— Полька! Полька, ты?! А ну стой! Стой, я сказала!
Останавливаюсь на месте в каком-то слепом послушании — во-первых, задумавшись, я не сразу понимаю, насколько оправдан этот приказ и автоматически его выполняю. А во-вторых — хоть и чувствую, как ухнув, взволнованно замерло сердце, в то же время, испытываю что-то похожее на облегчение.
Кажется, меня засекли, еще и так по-глупому, совсем недалеко от кофейни Дениса. Но то, что это сделала не какая-то разозлённая мамаша или какой-то другой агрессивный незнакомец, заставляет меня облегченно выдохнуть, оборачиваясь на голос.
Конечно же, я не могла не узнать его сразу — это Наташка, с которой мы знакомы сто лет, с которой ссорились и мирились, расставались и снова встречались, радуясь, будто и не было у нас своих, отдельных жизней. Да, еще никогда между нами не стояла такая причина для размолвки, никогда не всплывали фотографии, где я, как сказали бы местные, «нагло развращаю» ее младшего брата, но… Но это же Наташка. Ей-то я точно могу хотя бы попытаться что-то объяснить
И вообще, у неё к Артуру чувство сестринской ревности превышает сестринскую любовь, я сама могла в этом убедиться. Может, она даже поймет, что всем будет лучше, если ее брат уедет со мной. С глаз долой — минус один соперник за полное обожание семьи. Это не Тамара Гордеевна с ее слепой любовью. И не Борис Олегович, которому припекло так, что он прибежал ко мне под дверь. А Наташка! Не может быть, чтобы она не захотела меня выслушать. Хоть минуту, хоть полминуты.

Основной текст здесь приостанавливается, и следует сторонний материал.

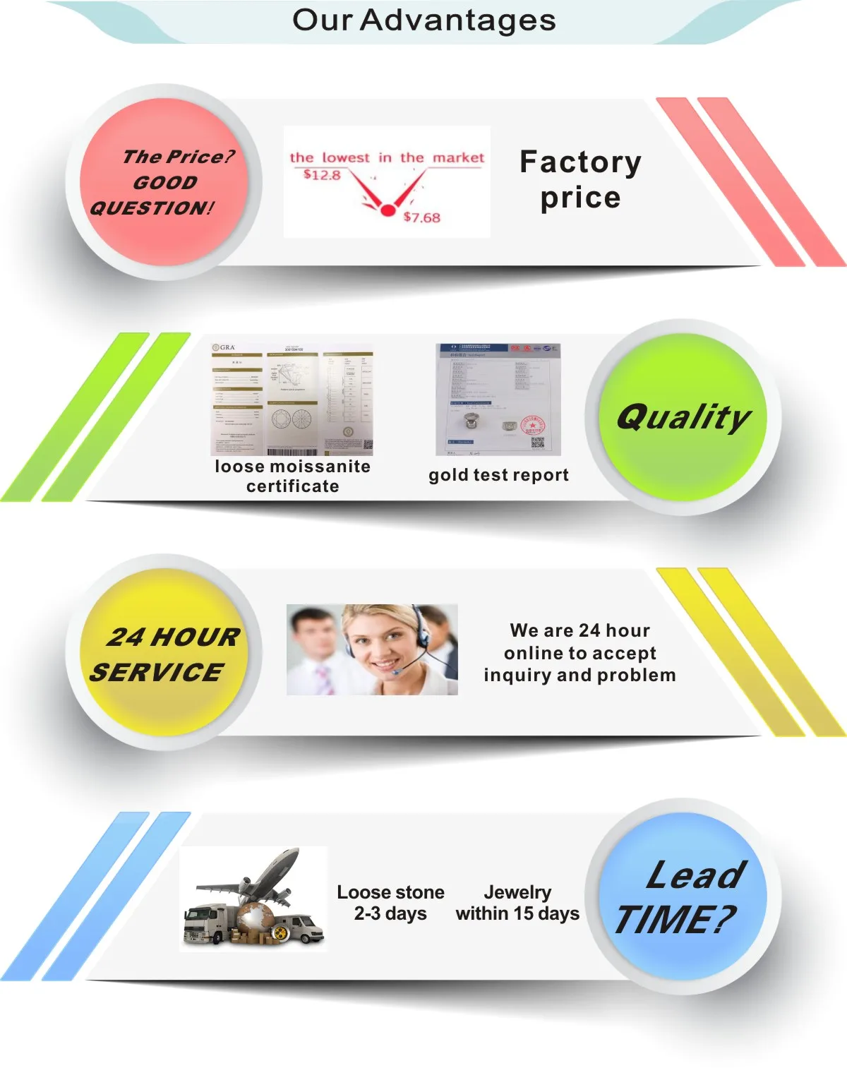 1. Customers Feedback: If there is any quality problems, please contact the seller customer service first, we will try our best to solve the problems. Please don't leave bad comments immediately, or we will refuse the requirements and resolve disputes through the third-party arbitration with normal but lengthy process . 2. For Customized Products Quality Assurance: After getting the products, there are 7 days to confirm the products’ quality-if the product is with quality problems and they are proved to be caused by us, the seller accept the no reason to return/refund within 7 days. But the buyer have to offer the evidence first. Beyond 7 days confirming time, no reason return & refund is unacceptable. 3. Beyond 7 days but within 30 days auto-entry warranty clause: Situation 1 Human reasons: Buyer's damage or buyer's personal willingness, the seller can offer the repairing, but the freight & Maintenance cost are borne by the buyer. Situation 2 Non-human reasons:If the product has quality problems or natural causes of stone falling off and metal fading, the seller bears maintenance costs, but the buyer bears freight costs. 4. Lifelong Warranty Policy: After 30 days, the seller guarantees the best quality and lowest price of maintenance and repair services. But all costs are borne by the buyer.

Только сейчас, развернувшись к ней полностью, вижу, что она стоит в окружении небольшой группы женщин, знакомых или не знакомых мне… не знаю. Я слишком взволнована, чтобы различать их лица и… не испугана, нет. Скорее, ослеплена чувством вины, которое захлёстывает меня, как только я встречаюсь с ней взглядом. Она смотрит на меня так, что я понимаю — нет, все зря. Зря мои глупые надежды и попытки объясниться. Она не будет меня слушать. И плевать на то, что ей самой лучше, если Артур уедет и заживет своей жизнью. Все это неважно в сравнении тем, что для неё я предательница и обманщица, раз и навсегда. И этого не могут исправить никакие факты, никакие частности.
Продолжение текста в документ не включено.